Era da mesi che Cala si allenava per l’ascensione e la discesa con gli sci riuscita ieri. Lui e l’amico svizzero Matthias Koenig avevano già pianificato la spedizione quando Luca, laureando di Cuneo conosciuto in montagna, lo ha contattato. Quel ragazzo aveva vinto un concorso per scalare il Dhaulagiri e provare la discesa con lo snowboard. Aveva i finanziamenti ma non se la sentiva di affrontare da solo quella prova: «Cerco di convincere anche il mio grande amico Davide a venire con noi» promise a Cala. Ma Davide Gerlero, 36 anni, boscaiolo di Levaldigi (Cuneo), non accettò. Così — salvo i tre giorni in cui provò attrezzatura e resistenza al fianco di Cala — Luca si allenò per conto proprio.
A questo punto la storia da raccontare è quella di Davide che, il giorno prima dei funerali dell’amico chiamò Cala: «Voglio venire con te sul Dhaulagiri al posto di Luca». Ed è partito per il Nepal, lui che non aveva mai preso un aereo in vita sua. Con Cala e il suo compagno di spedizione svizzero.

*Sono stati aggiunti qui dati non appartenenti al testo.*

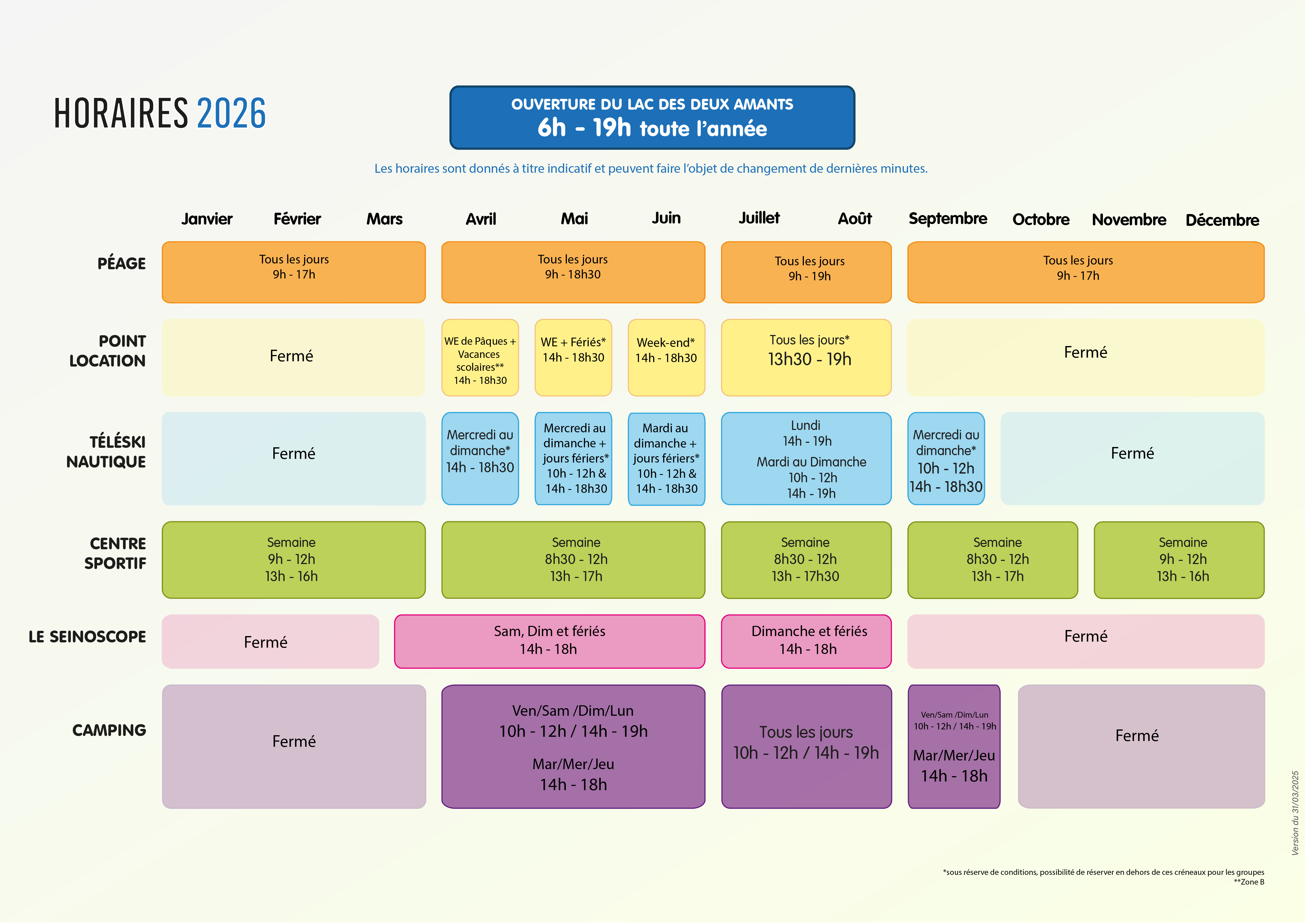 Le Lac des deux amants vous ouvre ses portes tous les jours de 6h à 19h

Aveva in tasca la fotografia che la madre di Luca, Cristina, voleva fosse lasciata in vetta e che aveva fatto plastificare perché potesse resistere al gelo degli ottomila. Tre i tentativi di raggiungere la cima. Davide si è arreso al secondo giro ma prima di tornare indietro ha passato a Cala la foto, scattata tre giorni prima della morte. Cala è arrivato alla meta (un po’ dopo anche Matthias) e in un certo senso ci è arrivato anche Luca che in questo viaggio non c’era ma che era lì con loro, soprattutto con il suo amico Davide.
«Noto due cose importantissime», ha detto la madre di Luca appena ha saputo dell’impresa riuscita. «La cima è stata raggiunta il giorno 8 e Luca è morto il giorno 8. E poi l’arrivo in vetta è stato verso le 11 e lui è morto verso le 11. Io li prendo come segni».

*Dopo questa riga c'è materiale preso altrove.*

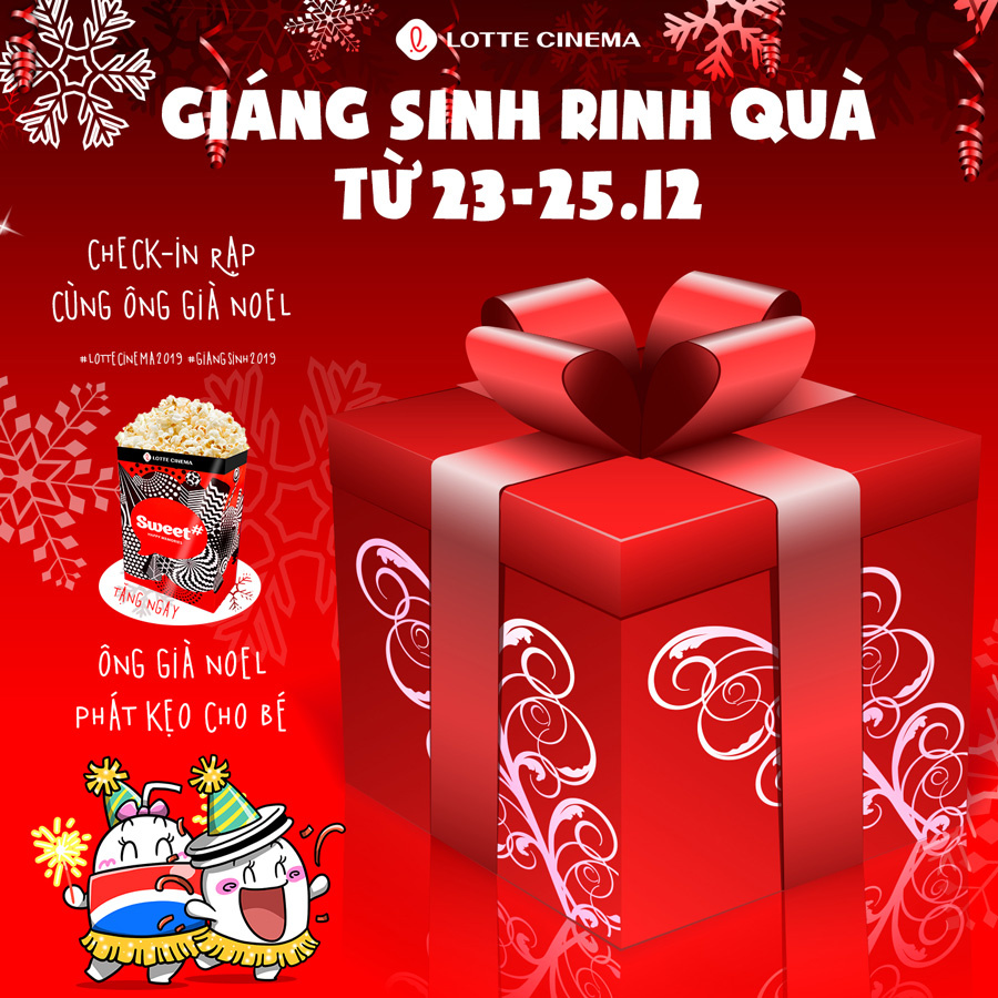 - Khách hàng chụp ảnh với ông già Noel của Lotte Cinema sau đó đăng lên FB với hashtag #lottecinema2019. # Giangsinh2019 sẽ nhận được 1 bắp ®.

Da quando suo figlio non c’è più lei ne ha preso il posto sul suo profilo Facebook. Ieri sera ha scritto: «Oggi è l’8 e quindi dovevo dare un segno grande della mia presenza. Grazie a Cala la mia foto è arrivata in cima al Dhaulagiri proprio questa mattina e anche l’ora è stata quella giusta! L’emozione è stata indescrivibile (...) Grazie
La mamma di Luca dal profilo Fb del figlio Grazie a Cala la mia foto è arrivata sul Dhaulagiri Così continuo a vivere
perché con le vostre azioni continuate a farmi vivere».

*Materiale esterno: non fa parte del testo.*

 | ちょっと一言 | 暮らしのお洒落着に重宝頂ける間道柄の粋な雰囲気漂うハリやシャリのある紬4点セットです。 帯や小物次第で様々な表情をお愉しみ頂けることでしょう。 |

In questo racconto di amore, morte e montagna c’è anche la tenacia di Boyan Petrov, zoologo e alpinista bulgaro che studia insetti. Ridotto in fin di vita da un gravissimo incidente stradale, si è ripreso e ha ricominciato a scalare. Ha incrociato Cala sul Dhaulagiri e si è aggregato alla spedizione fino a quota 8.000. Era il primo tentativo, l’italiano ha preferito scendere, Boyan ha continuato. Ed è arrivato in cima prima di tutti. Solo.